Wednesday, 8 February 2017

BEGINNINGS

Rising Star Outreach a humanitarian organization and is not connected to any religious belief.  The charity routinely works with Hindus, Muslims and Christians, with no efforts to convert anyone to any particular religion.  However, many of the articles in this blog were published in Meridian Magazine, which is a religious journal.  Consequently there is a religious bent to some of these stories.

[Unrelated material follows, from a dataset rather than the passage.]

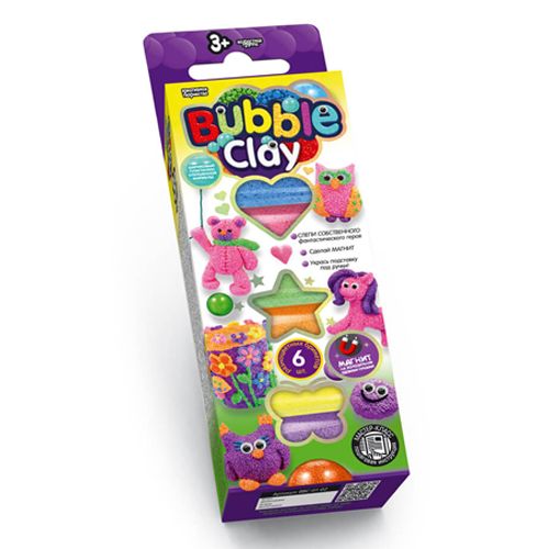 Набор для креативного творчества 'BUBBLE CLAY'. Это шариковы пластилин, улучшеной формулы. Состоит из маленьких пенопластовых шариков скрепленных между собой клеевым раствором. Слепи собственного фантастического героя, сделай магнитик или укрась подставку под ручку.

As the mother of ten children, my world seemed filled with endless carpools, school activities, sports teams, dance recitals, swim meets, and church activities.  But one day all this came to a crashing stop.  My world collapsed around me as I learned that my oldest and beautiful daughter, Amber, had taken her own life.
Amber

Amber had been diagnosed as severely bi-polar.  For the last seven years, she had been struggling in and out of mental hospitals, but her sickness continued to spiral downward.   We had prayed and fasted desperately over those years that she might be healed, but now the finality of a suicide left me feeling as though my own heart was bleeding.

Amber was in college when she died.  When we went through her things we were surprised to learn that she had been sending part of the money we gave her for college each month, to support an orphan in India.   I guess because she suffered so much herself, she had a tender spot for the underdog.  She seemed to be constantly reaching out to try to help others. 

Learning of her donations to this Indian orphanage, we asked our friends to send donations to this orphanage instead of sending flowers at her funeral.  Our friends were incredibly generous, and enough money was sent in to this orphanage that the orphanage invited me to be on their Board of Directors!

I felt that if I were going to serve on a Board, I needed to travel to India to see what this organization was doing.  I joined a group who was going to visit the orphanage.  Seeing the beautiful children in the orphanage was a delight.  They were warm and open.  They surrounded us with love and acceptance.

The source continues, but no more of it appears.